Abstract

Background: Prior studies have separately demonstrated that magnetic resonance imaging (MRI) and schizophrenia polygenic risk score (PRS) are predictive of antipsychotic medication treatment outcomes in schizophrenia. However, it remains unclear whether MRI combined with PRS can provide superior prognostic performance. Besides, the relative importance of these measures in predictions is not investigated. Methods: We collected 57 patients with schizophrenia, all of which had baseline MRI and genotype data. All these patients received approximately 6 weeks of antipsychotic medication treatment. Psychotic symptom severity was assessed using the Positive and Negative Syndrome Scale (PANSS) at baseline and follow-up. We divided these patients into responders (N = 20) or non-responders (N = 37) based on whether their percentages of PANSS total reduction were above or below 50%. Nine categories of MRI measures and PRSs with 145 different p-value thresholding ranges were calculated. We trained machine learning classifiers with these baseline predictors to identify whether a patient was a responder or non-responder. Results: The extreme gradient boosting (XGBoost) technique was applied to build binary classifiers. Using a leave-one-out cross-validation scheme, we achieved an accuracy of 86% with all MRI and PRS features. Other metrics were also estimated, including sensitivity (85%), specificity (86%), F1-score (81%), and area under the receiver operating characteristic curve (0.86). We found excluding a single feature category of gray matter volume (GMV), amplitude of low-frequency fluctuation (ALFF), and surface curvature could lead to a maximum accuracy drop of 10.5%. These three categories contributed more than half of the top 10 important features. Besides, removing PRS features caused a modest accuracy drop (8.8%), which was not the least decrease (1.8%) among all feature categories.
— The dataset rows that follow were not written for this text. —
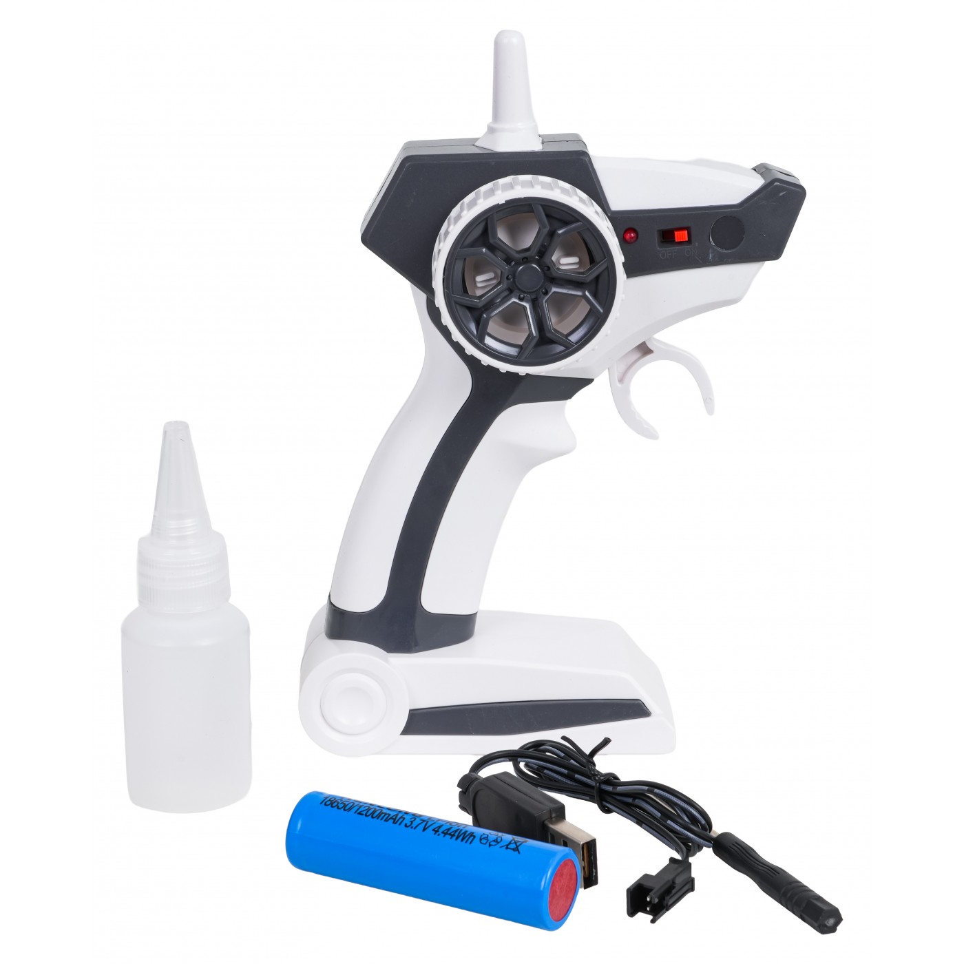 Sprężynowe zawieszenie każdego z kół pozwala pojazdowi wspinać się po nierównościach, co dodatkowo podnosi realizm jazdy. Po napełnieniu zbiorniczka wodą uruchamia się efekt dymu z tyłu pojazdu, co czyni zabawę bardziej angażującą. Zasilanie zapewnia akumulator 3,7 V (w zestawie), a pilot wymaga dwóch baterii AA (brak w zestawie). Czas ładowania wynosi około 2 godziny, a jazdy – około 10 minut.
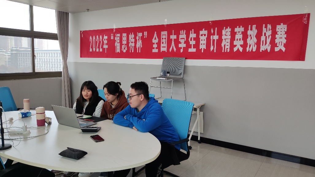 “福思特杯”全国大学生审计精英挑战赛至今已成功举办五届,是全国层次最高、规模最大的审计专业竞赛。大赛旨在创新高校人才培养模式,提高学生动手能力,培养适应社会发展需求的高素质审计人才。大赛内容涵盖注册会计师审计、内部审计和政府审计的知识,是目前国内考核范围最全的审计专业赛事。比赛题型由专业素养和审计实操两个部分,实操比拼采用虚拟仿真审计实验平台进行审计全流程,并融入了大数据审计技术,有助于开拓学生的专业视野,培养学生的跨领域知识融通能力和实践能力。比赛过程中,三位同学团结协作,沉着应对,充分发挥自己的长处,在审计综合知识、动手应用以及临场应变能力的全方面均展现出最好的状态,最终获得佳绩。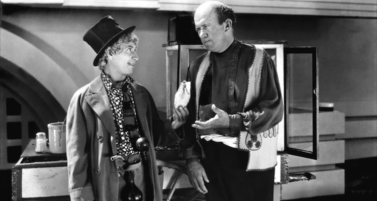 When he’s messing with random people, Chico has a devilish smile and a twinkle in his eye. He pushes his politeness to the point that you can’t miss the facetiousness of it. The rebellious teen that dwells in us all is still in him, but he’s found a way to better use it. In Duck Soup, Chico, selling roasted nuts from a pushcart, turns the simple phrase “peanuts to you” into a hard-to-prove but clearly intentional put-down by placing the emphasis on “nuts to you.” It is a beautiful, simple moment that comes with getting older and not giving a damn.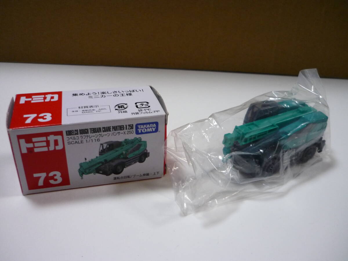 - [管01]【送料無料】ミニカー 1/116 コベルコ ラフテレーンクレーン パンサーX250 エメラルドグリーン「トミカ No.73」タカラトミー

Conclusions: Our classifier using both MRI and PRS features was stable and not biased to predicting either responder or non-responder. Combining with MRI measures, PRS could provide certain extra predictive power of antipsychotic medication treatment outcomes in schizophrenia. PRS exhibited medium importance in predictions, lower than GMV, ALFF, and surface curvature, but higher than measures of cortical thickness, cortical volume, and surface sulcal depth. Our findings inform the contributions of PRS in predictions of treatment outcomes in schizophrenia.

Highlights

  • Pharmacological therapy has long been the cornerstone of schizophrenia management, which aims to relieve psychotic symptoms, such as delusions, hallucinations, and disorganized thinking, et al (Kane and Correll, 2010; Patel et al, 2014; Tarcijonas and Sarpal, 2019)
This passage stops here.